▶ _Your instructions_
Leave out every picture, and return exactly the lines from the line containing "- Durable Construction: Our" through the end of the records below, both inclusive.

(Recorded data)
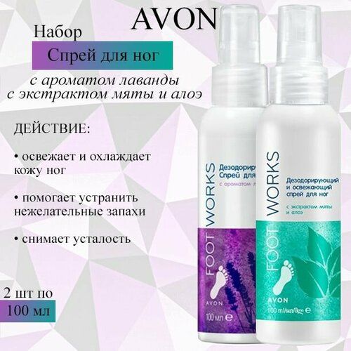 НАЙТИ ВЫГОДНЕЕ - AVON/Эйвон Набор спреев для ног Works (Воркс) с экстрактом мяты и алоэ и с ароматом лаванды, 2 по 100мл
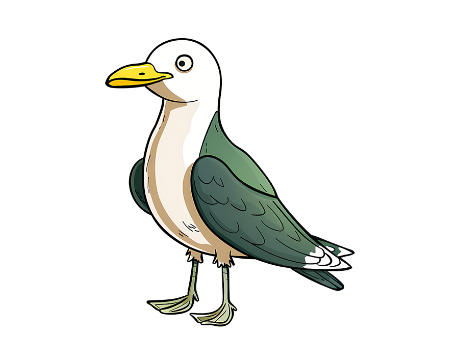 A flat, cartoon-style illustration of a standing white seagull with dark green wings and a yellow beak.
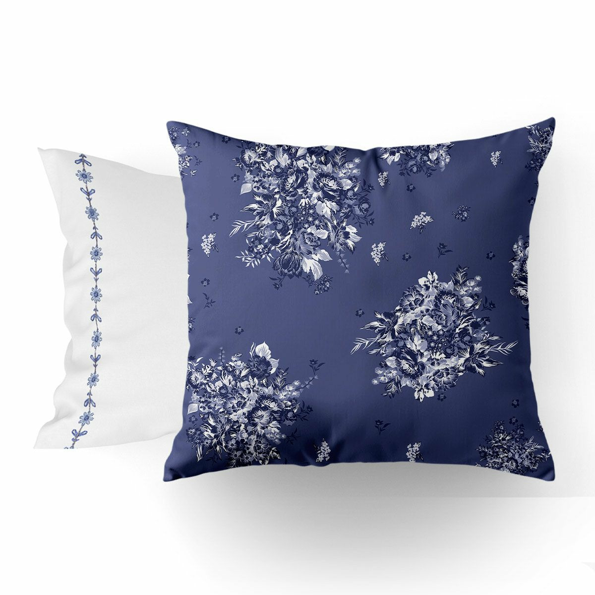 Une face dévoile de délicats bouquets fleuris dans des nuances de bleu, tandis que l’autre, plus sobre, est animée de petits motifs discrets. Cette dualité permet de changer d’ambiance au gré de vos envies, tout en conservant une allure chic et intemporelle.
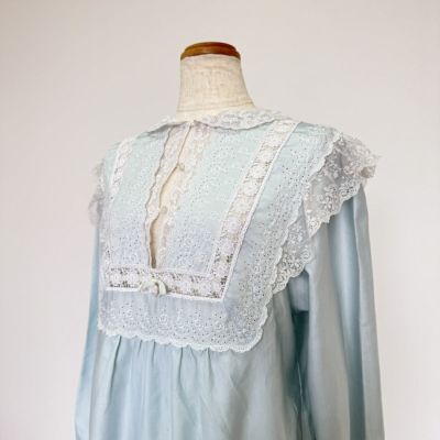 5. 古着 クリスチャンディオール Christian Dior LINGERIE フリルレース マキシ丈 長袖 ロングワンピース ネグリジェ レディースS相当 /eaa514624 【中古】 【250212】 【V2502】
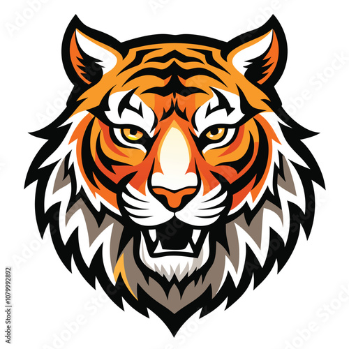 Tiger Head Logo Vector Illustration Isolated On White Background Fierce Animal Graphic Design Art
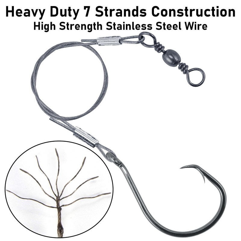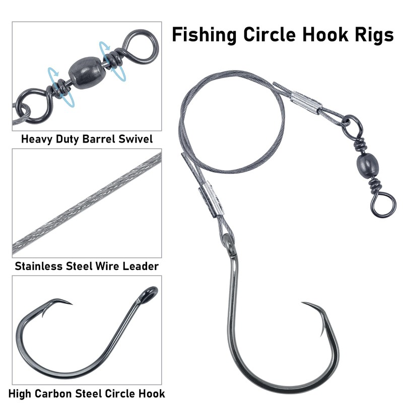 - Durable Construction: Our Saltwater Fishing Circle Hooks Rigs are crafted with 12" 7 Strand Stainless Steel Wire, ensuring strength and longevity for your fishing adventures. Catch fishes from the beach, boat, pier, or jetty - it's easy and fun for everyone!
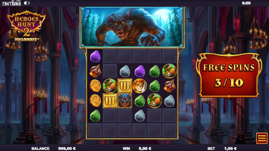 There are three different heroes with associated features that you can take part of. At the start of the game, you can choose one of these heroes that you want to use, where the other two will start with 0 EXP. You will then be able to land chest symbols on reel 6 during the base game and when it lands you will randomly receive 1 of 4 rewards. Where you can get 1 Archer EXP, 1 Wizard EXP, 1 Warrior EXP or 10 Werewolf free spins.
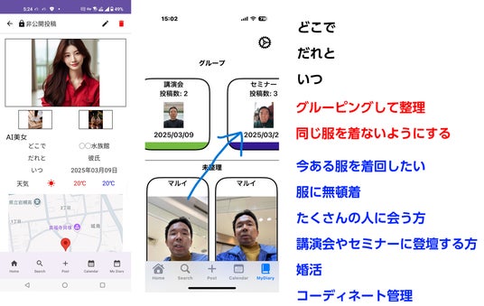 ほかのコーディネートアプリと異なる点は、今の自分の服装を写真に撮り「どこで」「だれと」GPSを用いた場所、メモや感想の登録してグルーピングできることです。
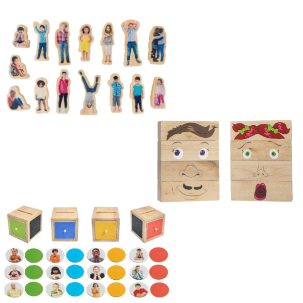 This high-quality colourful wooden set includes 15 wooden people. Each piece is printed with a photo of a child displaying a range of emotions including crying, frustration, sadness to excitement, happiness and everything in-between. This set gives children the opportunity to express and manage their own feelings, important in developing self-reliance and resilience. A fun way to introduce and recognize emotions while encouraging children to feel positive and confident while they learn through play.
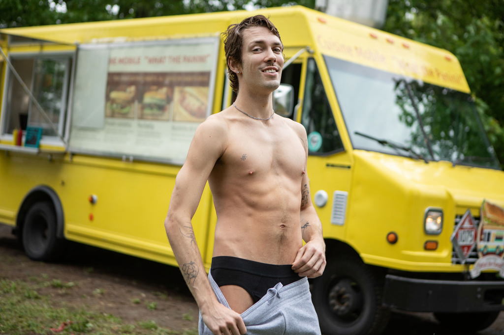 Chris Cool is a regular at Finn Harding’s food truck, and not for the hot dogs. As Chris’s flirting starts interfering with business, Finn invites him inside so they can work and play at the same time. Chris tries to take orders as Finn rims him, but he’s not a people person… he’s a cocky person, so he sucks Finn as the top works. Finn bends Chris over to fuck him doggystyle as Chris mans the window, then pounds the bottom on the counter. Chris takes Finn’s big sausage in his buns till he cums, then puts the top’s dick in a bun and takes some special sauce on his face.

▶ _Worked solution_
 - Durable Construction: Our Saltwater Fishing Circle Hooks Rigs are crafted with 12" 7 Strand Stainless Steel Wire, ensuring strength and longevity for your fishing adventures. Catch fishes from the beach, boat, pier, or jetty - it's easy and fun for everyone!
 There are three different heroes with associated features that you can take part of. At the start of the game, you can choose one of these heroes that you want to use, where the other two will start with 0 EXP. You will then be able to land chest symbols on reel 6 during the base game and when it lands you will randomly receive 1 of 4 rewards. Where you can get 1 Archer EXP, 1 Wizard EXP, 1 Warrior EXP or 10 Werewolf free spins.
 ほかのコーディネートアプリと異なる点は、今の自分の服装を写真に撮り「どこで」「だれと」GPSを用いた場所、メモや感想の登録してグルーピングできることです。
 This high-quality colourful wooden set includes 15 wooden people. Each piece is printed with a photo of a child displaying a range of emotions including crying, frustration, sadness to excitement, happiness and everything in-between. This set gives children the opportunity to express and manage their own feelings, important in developing self-reliance and resilience. A fun way to introduce and recognize emotions while encouraging children to feel positive and confident while they learn through play.
 Chris Cool is a regular at Finn Harding’s food truck, and not for the hot dogs. As Chris’s flirting starts interfering with business, Finn invites him inside so they can work and play at the same time. Chris tries to take orders as Finn rims him, but he’s not a people person… he’s a cocky person, so he sucks Finn as the top works. Finn bends Chris over to fuck him doggystyle as Chris mans the window, then pounds the bottom on the counter. Chris takes Finn’s big sausage in his buns till he cums, then puts the top’s dick in a bun and takes some special sauce on his face.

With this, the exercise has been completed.